■ Work item: Starting at the top of the records below, write out each line exactly as it stands, stopping after the line with "Perkuliahan 1 Organisasi"; exclude the pictures.

■ Material for this task:
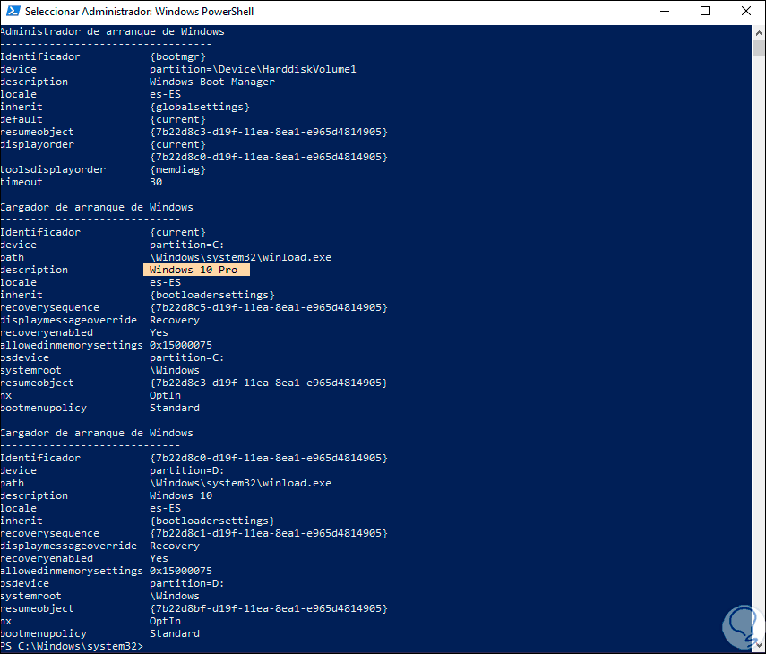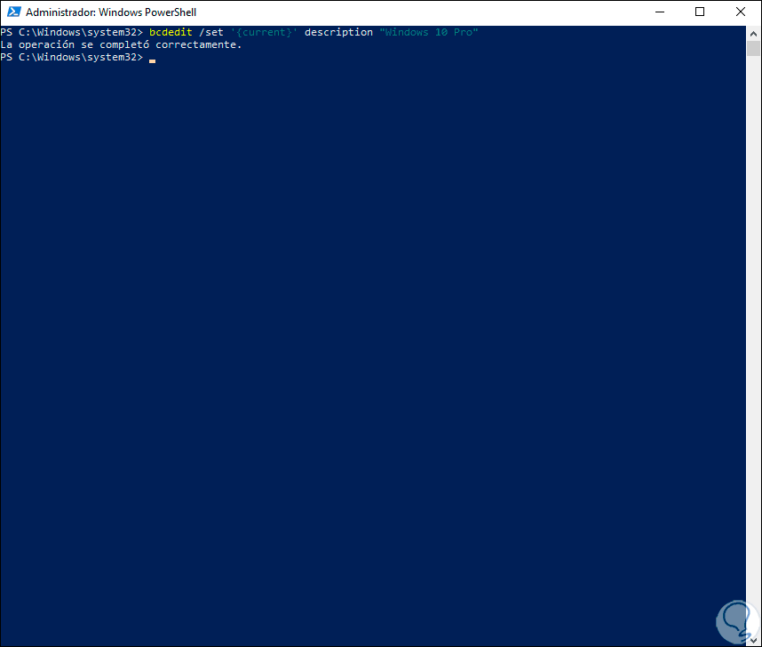 2. Cambiar nombre arranque dual Windows 10 PowerShell
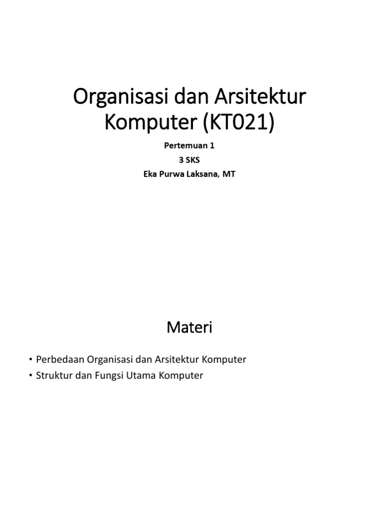Perkuliahan 1 Organisasi Dan Arsitektur Komputer
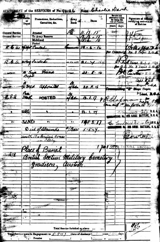 Having attested on 11th December 1915 the document ‘Statement of Services’ gives us a record of what happened next. Unmarried, at the age of 23 years and 7 months, Charlie might have expected a fairly short wait before enlistment but in fact it was a full six months before he was called up. Officially in the ‘army reserve’ he was mobilized on 15th June 1916 and posted for basic training to No.3 Depot, RGA, at Plymouth. This lasted 4 weeks, consisting mainly of drill, kit inspections, musketry, route marching and physical fitness – the usual introduction to army life. On 21st July Charlie was posted to ‘H’ Battery at the same depot, to begin his artillery training, another 4 week’s course. Then, on 23rd August, he left Plymouth to join ‘B Siege Depot’ of the RGA at the Bexhill-on-Sea Gunnery Training School for the next stage. Already an experienced police officer, Charlie gained rapid promotion and on 20th November 1916 was appointed ‘acting Bombadier (paid)’, the equivalent rank in the infantry to full Corporal. The course lasted some twelve weeks (probably with Christmas or New Year leave) and on 13th January 1917 he was posted to 328 (S) Reserve Battery (Service Battery), Prees Heath camp, Whitchurch, where firing with live ammunition out to sea could be included in the training. Wider political events were now taking place that would shape Charlie’s future, and just 4 weeks later, on 14th February, he was posted to 322 (S) Reserve Battery at North Camp, Aldershot. It was the first stage of a journey that would lead him to war-service in Italy. His niece, Mary Darch, passed on a story told her by her uncle, Charlie’s brother-in-law who was married to Charley's sister Florence, of how his mother would always pause on the railway bridge crossing the line at Exeter station to remember the day she last saw off Charlie going away to Italy in 1917 at the end of his embarkation leave. Charlie was one of few British soldiers to serve in Italy, and one of the very few to have died there.
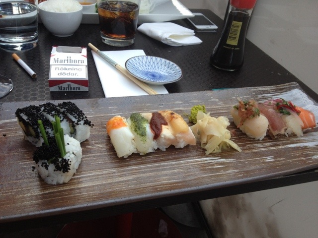Sitter med lite vänner och äter sushi sen ska vi kolla maaatch 🙂
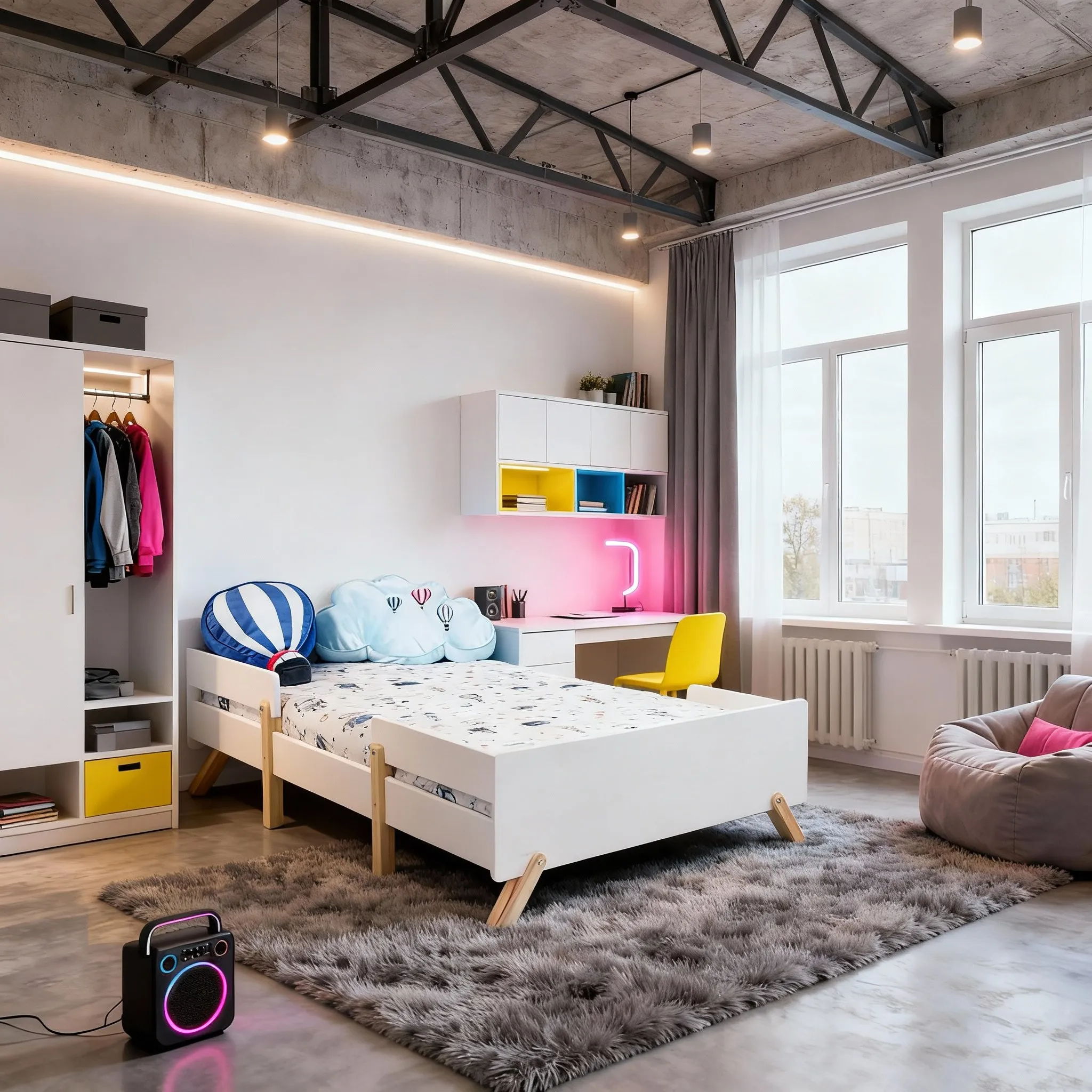 - Расстояние от пола до нижнего края кровати 13 см: удобно для уборки посредством робота-пылесоса
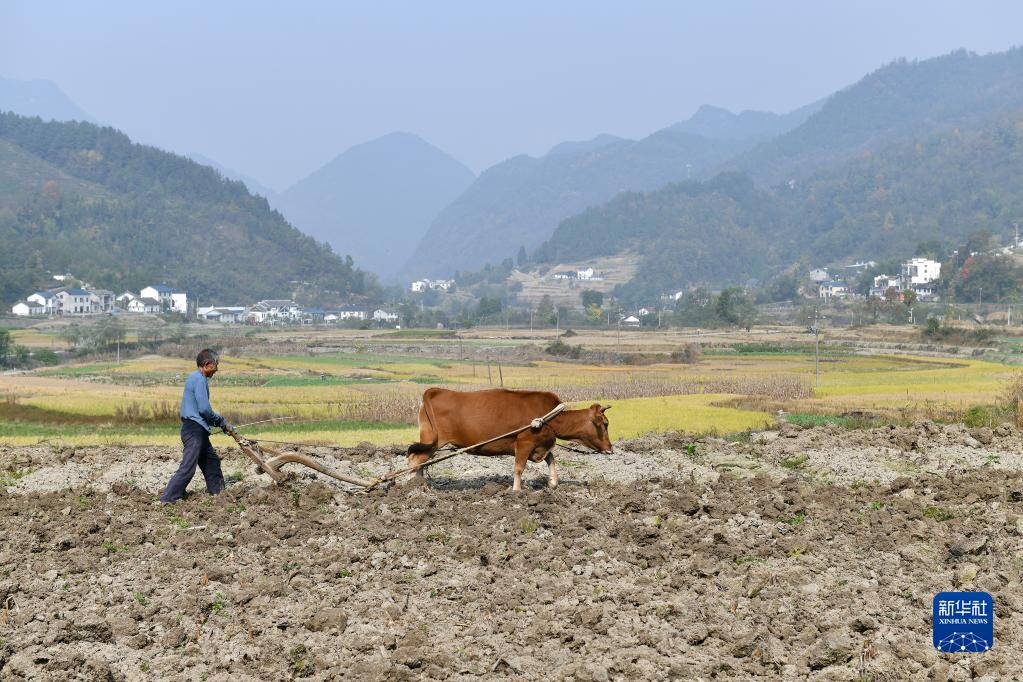 11月5日,湖北省宜昌市秭归县九畹溪镇石柱村的农民在田间犁地,为冬播冬种做准备。

■ Response to this exercise:
 2. Cambiar nombre arranque dual Windows 10 PowerShell
Perkuliahan 1 Organisasi Dan Arsitektur Komputer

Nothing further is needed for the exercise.